> Information:
Start of Block

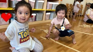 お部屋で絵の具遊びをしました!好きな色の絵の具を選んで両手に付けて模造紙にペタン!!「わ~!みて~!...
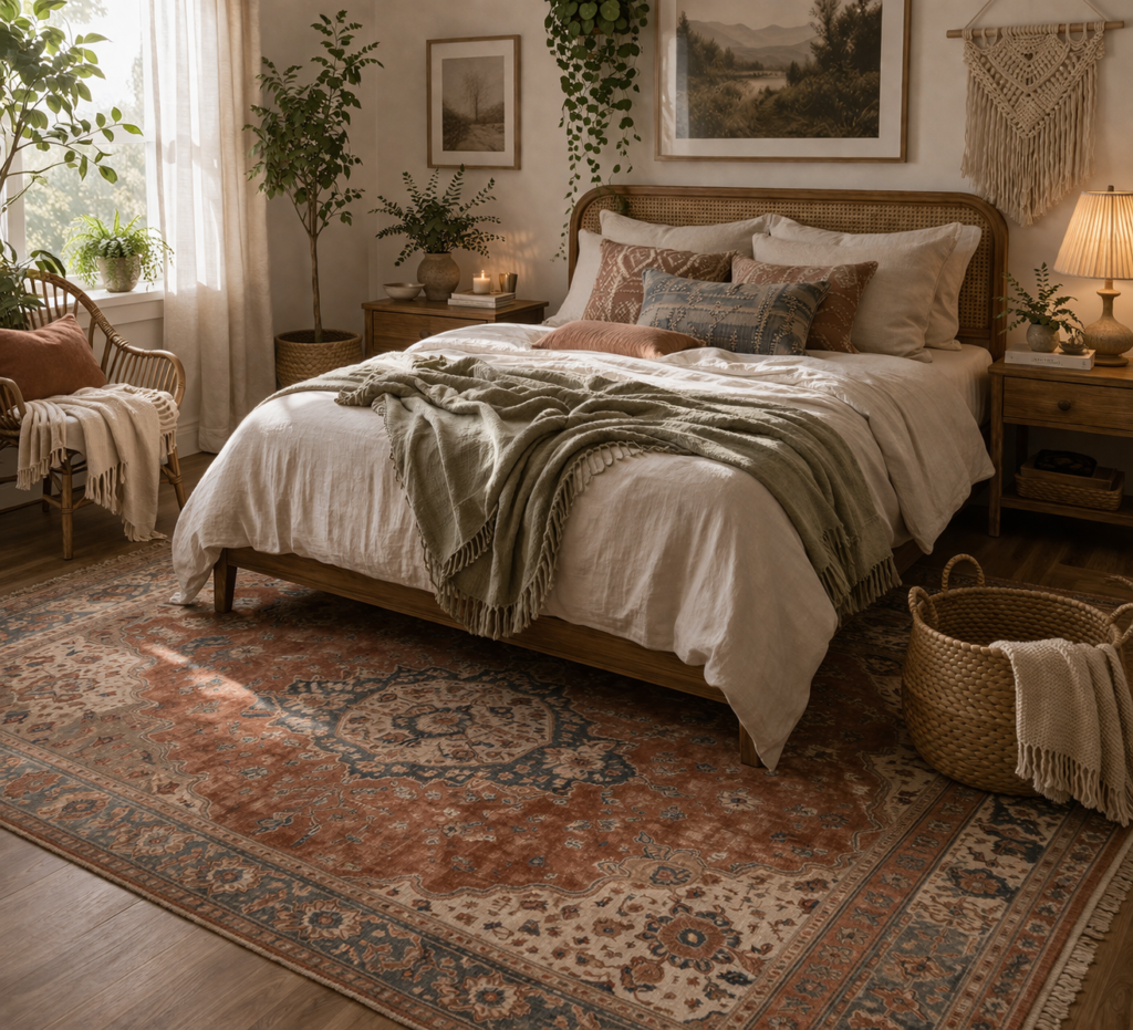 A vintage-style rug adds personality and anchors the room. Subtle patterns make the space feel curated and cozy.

End of Block
Start of Block

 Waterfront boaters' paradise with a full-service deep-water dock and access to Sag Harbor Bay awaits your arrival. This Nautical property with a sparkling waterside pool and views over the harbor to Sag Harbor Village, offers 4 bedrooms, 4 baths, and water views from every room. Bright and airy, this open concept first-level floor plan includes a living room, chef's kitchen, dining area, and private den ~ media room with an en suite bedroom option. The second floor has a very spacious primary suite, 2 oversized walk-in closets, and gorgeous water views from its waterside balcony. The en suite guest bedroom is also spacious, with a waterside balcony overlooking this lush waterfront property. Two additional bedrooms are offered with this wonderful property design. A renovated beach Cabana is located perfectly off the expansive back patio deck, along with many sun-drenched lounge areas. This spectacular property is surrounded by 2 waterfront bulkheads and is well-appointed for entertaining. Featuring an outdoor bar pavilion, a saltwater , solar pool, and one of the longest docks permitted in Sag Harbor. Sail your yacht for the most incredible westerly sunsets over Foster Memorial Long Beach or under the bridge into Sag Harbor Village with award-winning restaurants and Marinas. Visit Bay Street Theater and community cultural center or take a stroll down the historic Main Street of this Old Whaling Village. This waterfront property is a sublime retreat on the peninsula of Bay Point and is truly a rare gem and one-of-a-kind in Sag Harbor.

End of Block
Start of Block

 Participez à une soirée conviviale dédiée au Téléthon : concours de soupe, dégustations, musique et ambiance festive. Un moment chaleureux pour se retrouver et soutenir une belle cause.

End of Block

> Requirement:
Take the material above and output only the lines from the one that contains "お部屋で絵の具遊びをしました" through the one that contains "A vintage-style rug", ends included and images left out.

> Written solution:
 お部屋で絵の具遊びをしました!好きな色の絵の具を選んで両手に付けて模造紙にペタン!!「わ~!みて~!...
 A vintage-style rug adds personality and anchors the room. Subtle patterns make the space feel curated and cozy.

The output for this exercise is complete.